Segfault on init_device
For the controller and receiver devices we call init_device in the constructor which sometimes segfaults:
https://gitlab.esrf.fr/bliss/bliss/-/jobs/2125316
[runner-f8unlx2w3-project-325-concurrent-5:9495 :0:9495] Caught signal 11 (Segmentation fault: address not mapped to object at address 0x8)
==== backtrace (tid: 9495) ====
0 /opt/conda/envs/bliss_lima2_simulator/bin/../lib/libucs.so.0(ucs_handle_error+0x2fd) [0x709842da584d]
1 /opt/conda/envs/bliss_lima2_simulator/bin/../lib/libucs.so.0(+0x2fa3f) [0x709842da5a3f]
2 /opt/conda/envs/bliss_lima2_simulator/bin/../lib/libucs.so.0(+0x2fc0a) [0x709842da5c0a]
3 /lib/x86_64-linux-gnu/libpthread.so.0(+0x14420) [0x709843ff9420]
4 /opt/conda/envs/bliss_lima2_simulator/bin/../lib/libtango.so.10.1(_ZN5Tango12AttrPropertyC2ERKNSt7__cxx1112basic_stringIcSt11char_traitsIcESaIcEEES8_+0x27) [0x7098449fd977]
5 /opt/conda/envs/bliss_lima2_simulator/bin/../lib/libtango.so.10.1(_ZNSt6vectorIN5Tango12AttrPropertyESaIS1_EE17_M_realloc_appendIJRNSt7__cxx1112basic_stringIcSt11char_traitsIcESaIcEEESB_EEEvDpOT_+0xa4) [0x7098449fea34]
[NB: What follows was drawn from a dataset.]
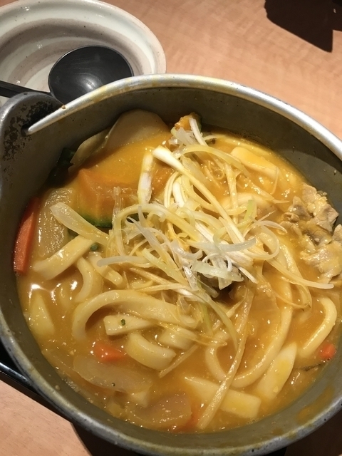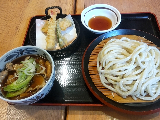 こちらうどん・天ぷら・しゃぶしゃぶのファミレス的チェーン店ですが、夕食のため初訪問しました。うどんを中心として、メニュー豊富なので選択に迷いますが、季節限定メニューがあったので、その中の「わさびとろろ天ざるうどん」を試すことに。うどんの量目は小盛~並盛~大盛~特盛~メガ盛の5段階表示なので、これまた迷いますが、とりあえず大盛で注文。わさびとろろに使用の長芋は国産と謳ってます。到来した平盆にざるうどん(太麺)、天ぷら盛合せ(エビ/イカ/カボチャ/ナス/オクラ/レンコン)、わさびとろろ、うどんつゆ(利尻昆布や5種の魚の出汁使用とか)、薬味(おろし生姜/刻みネギ/刻み油揚げ)が載っています。早速薬味をつゆに散らし、わさびとろろを加えてうどんを食すと、つるっとして結構コシのある食感。わさびの香りと辛味が食欲を掻き立てます。つゆ自体が意外に塩辛くないのも良いです。天ぷらは揚げたて間もないのか結構温かく、衣はサクサクの食感。具の種類の多い点が良いです。うどんの量目は大盛で十分でした。

6 /opt/conda/envs/bliss_lima2_simulator/bin/../lib/libtango.so.10.1(_ZN5Tango19MultiClassAttribute20init_class_attributeERKNSt7__cxx1112basic_stringIcSt11char_traitsIcESaIcEEEl+0xba9) [0x7098449ff709]
7 /opt/conda/envs/bliss_lima2_simulator/bin/../lib/libtango.so.10.1(_ZN5Tango7DServer11init_deviceEv+0x315) [0x709844a81755]
8 /opt/conda/envs/bliss_lima2_simulator/bin/../lib/libtango.so.10.1(_ZN5Tango12DServerClass14device_factoryEPKNS_17DevVarStringArrayE+0xb7) [0x709844a8e1f7]
9 /opt/conda/envs/bliss_lima2_simulator/bin/../lib/libtango.so.10.1(_ZN5Tango12DServerClassC1ERKNSt7__cxx1112basic_stringIcSt11char_traitsIcESaIcEEE+0x3b1) [0x709844a8e931]
10 /opt/conda/envs/bliss_lima2_simulator/bin/../lib/libtango.so.10.1(_ZN5Tango12DServerClass4initEv+0x94) [0x709844a8ecd4]
11 /opt/conda/envs/bliss_lima2_simulator/bin/../lib/libtango.so.10.1(_ZN5Tango4Util11server_initEb+0x3f) [0x709844bb315f]
12 lima2_tango(main+0xf4c) [0x56c11394166c]
13 /lib/x86_64-linux-gnu/libc.so.6(__libc_start_main+0xf3) [0x709843b69083]
14 lima2_tango(+0x22c9e) [0x56c113941c9e]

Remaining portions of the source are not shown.